### PROMPT
Each line below from the one containing "Arthralgien sind in" through the one containing "Fajansz fedeles cukortartó, jelzés" should be output exactly as it stands, and no other line should appear.

Items from a dataset:

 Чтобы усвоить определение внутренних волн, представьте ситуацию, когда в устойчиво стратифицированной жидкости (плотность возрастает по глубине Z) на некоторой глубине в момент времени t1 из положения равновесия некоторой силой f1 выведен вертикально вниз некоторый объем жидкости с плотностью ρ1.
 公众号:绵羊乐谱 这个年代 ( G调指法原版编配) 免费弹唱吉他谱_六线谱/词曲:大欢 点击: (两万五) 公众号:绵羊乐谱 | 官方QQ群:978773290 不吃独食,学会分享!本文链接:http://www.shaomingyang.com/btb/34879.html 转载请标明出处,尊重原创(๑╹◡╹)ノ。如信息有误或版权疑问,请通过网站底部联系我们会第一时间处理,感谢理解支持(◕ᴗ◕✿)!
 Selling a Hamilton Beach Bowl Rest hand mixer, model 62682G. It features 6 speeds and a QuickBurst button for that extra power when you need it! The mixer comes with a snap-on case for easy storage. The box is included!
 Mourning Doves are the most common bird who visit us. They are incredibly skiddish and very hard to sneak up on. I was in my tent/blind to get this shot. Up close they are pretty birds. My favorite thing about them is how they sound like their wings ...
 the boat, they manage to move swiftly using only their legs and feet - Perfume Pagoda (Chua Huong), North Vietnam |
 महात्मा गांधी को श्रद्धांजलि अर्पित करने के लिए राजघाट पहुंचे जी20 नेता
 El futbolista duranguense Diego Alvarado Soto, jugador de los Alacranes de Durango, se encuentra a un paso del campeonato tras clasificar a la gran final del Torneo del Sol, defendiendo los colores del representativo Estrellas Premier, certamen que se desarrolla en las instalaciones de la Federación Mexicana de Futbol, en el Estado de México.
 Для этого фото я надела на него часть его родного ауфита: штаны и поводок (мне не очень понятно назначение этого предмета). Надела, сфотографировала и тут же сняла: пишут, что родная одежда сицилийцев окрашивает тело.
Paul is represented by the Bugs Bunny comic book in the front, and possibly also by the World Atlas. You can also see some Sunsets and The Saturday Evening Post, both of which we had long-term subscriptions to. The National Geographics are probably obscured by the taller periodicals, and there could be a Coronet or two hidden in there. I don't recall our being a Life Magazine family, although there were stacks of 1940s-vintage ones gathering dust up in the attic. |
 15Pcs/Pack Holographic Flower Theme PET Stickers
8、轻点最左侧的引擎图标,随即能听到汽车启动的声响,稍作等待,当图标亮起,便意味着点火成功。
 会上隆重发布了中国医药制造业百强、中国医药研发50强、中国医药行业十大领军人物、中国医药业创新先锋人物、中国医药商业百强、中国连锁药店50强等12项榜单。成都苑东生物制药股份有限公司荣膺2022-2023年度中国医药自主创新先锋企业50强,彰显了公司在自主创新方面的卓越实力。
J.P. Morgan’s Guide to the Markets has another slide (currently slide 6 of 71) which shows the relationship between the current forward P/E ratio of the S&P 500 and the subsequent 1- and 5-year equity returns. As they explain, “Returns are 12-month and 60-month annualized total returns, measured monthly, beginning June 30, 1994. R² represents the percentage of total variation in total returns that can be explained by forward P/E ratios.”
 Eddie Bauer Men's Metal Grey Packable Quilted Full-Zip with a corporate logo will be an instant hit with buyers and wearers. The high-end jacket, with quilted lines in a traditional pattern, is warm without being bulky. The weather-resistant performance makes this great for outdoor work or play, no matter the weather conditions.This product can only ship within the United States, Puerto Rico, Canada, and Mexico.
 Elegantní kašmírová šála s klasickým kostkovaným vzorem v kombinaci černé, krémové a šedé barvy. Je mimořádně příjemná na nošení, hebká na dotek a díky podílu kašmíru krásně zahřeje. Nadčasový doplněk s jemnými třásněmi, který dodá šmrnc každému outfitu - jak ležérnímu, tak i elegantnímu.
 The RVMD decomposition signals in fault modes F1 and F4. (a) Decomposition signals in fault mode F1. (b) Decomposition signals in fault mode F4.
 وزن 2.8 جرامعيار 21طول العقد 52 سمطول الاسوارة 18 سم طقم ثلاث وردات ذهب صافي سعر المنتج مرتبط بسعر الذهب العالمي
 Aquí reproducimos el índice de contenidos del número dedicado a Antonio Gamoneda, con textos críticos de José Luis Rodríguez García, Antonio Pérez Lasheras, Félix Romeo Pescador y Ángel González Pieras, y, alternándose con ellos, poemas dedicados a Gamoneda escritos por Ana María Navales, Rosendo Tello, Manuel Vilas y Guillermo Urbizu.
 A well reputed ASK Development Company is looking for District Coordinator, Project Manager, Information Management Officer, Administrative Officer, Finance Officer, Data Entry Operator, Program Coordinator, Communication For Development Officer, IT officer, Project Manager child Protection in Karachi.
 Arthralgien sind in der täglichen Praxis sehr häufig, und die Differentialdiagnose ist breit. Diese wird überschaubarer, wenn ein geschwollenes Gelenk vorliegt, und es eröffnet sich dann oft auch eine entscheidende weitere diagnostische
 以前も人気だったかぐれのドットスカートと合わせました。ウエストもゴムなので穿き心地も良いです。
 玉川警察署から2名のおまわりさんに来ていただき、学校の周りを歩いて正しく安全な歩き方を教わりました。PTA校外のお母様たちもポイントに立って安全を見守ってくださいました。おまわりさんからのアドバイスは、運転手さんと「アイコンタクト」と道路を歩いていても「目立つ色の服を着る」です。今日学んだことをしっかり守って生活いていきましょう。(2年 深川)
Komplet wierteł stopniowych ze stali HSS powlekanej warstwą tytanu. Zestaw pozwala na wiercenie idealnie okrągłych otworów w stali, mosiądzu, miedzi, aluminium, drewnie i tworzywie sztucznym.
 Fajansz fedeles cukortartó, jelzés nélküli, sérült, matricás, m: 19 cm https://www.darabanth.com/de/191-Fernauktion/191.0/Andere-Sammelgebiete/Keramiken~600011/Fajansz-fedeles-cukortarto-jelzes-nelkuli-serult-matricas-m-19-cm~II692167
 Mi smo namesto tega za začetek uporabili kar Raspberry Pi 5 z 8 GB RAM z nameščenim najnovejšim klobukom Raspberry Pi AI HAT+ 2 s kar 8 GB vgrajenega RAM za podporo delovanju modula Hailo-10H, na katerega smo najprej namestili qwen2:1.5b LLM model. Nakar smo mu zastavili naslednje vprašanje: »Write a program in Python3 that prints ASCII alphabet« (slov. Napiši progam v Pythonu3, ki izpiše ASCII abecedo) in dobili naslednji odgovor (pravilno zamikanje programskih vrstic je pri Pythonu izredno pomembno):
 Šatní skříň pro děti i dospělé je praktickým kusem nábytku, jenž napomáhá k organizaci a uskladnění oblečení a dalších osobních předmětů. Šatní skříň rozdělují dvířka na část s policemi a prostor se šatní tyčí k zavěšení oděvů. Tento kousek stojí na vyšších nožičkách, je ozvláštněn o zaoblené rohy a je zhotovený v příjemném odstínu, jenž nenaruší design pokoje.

### ANSWER SECTION
 Arthralgien sind in der täglichen Praxis sehr häufig, und die Differentialdiagnose ist breit. Diese wird überschaubarer, wenn ein geschwollenes Gelenk vorliegt, und es eröffnet sich dann oft auch eine entscheidende weitere diagnostische
 以前も人気だったかぐれのドットスカートと合わせました。ウエストもゴムなので穿き心地も良いです。
 玉川警察署から2名のおまわりさんに来ていただき、学校の周りを歩いて正しく安全な歩き方を教わりました。PTA校外のお母様たちもポイントに立って安全を見守ってくださいました。おまわりさんからのアドバイスは、運転手さんと「アイコンタクト」と道路を歩いていても「目立つ色の服を着る」です。今日学んだことをしっかり守って生活いていきましょう。(2年 深川)
Komplet wierteł stopniowych ze stali HSS powlekanej warstwą tytanu. Zestaw pozwala na wiercenie idealnie okrągłych otworów w stali, mosiądzu, miedzi, aluminium, drewnie i tworzywie sztucznym.
 Fajansz fedeles cukortartó, jelzés nélküli, sérült, matricás, m: 19 cm https://www.darabanth.com/de/191-Fernauktion/191.0/Andere-Sammelgebiete/Keramiken~600011/Fajansz-fedeles-cukortarto-jelzes-nelkuli-serult-matricas-m-19-cm~II692167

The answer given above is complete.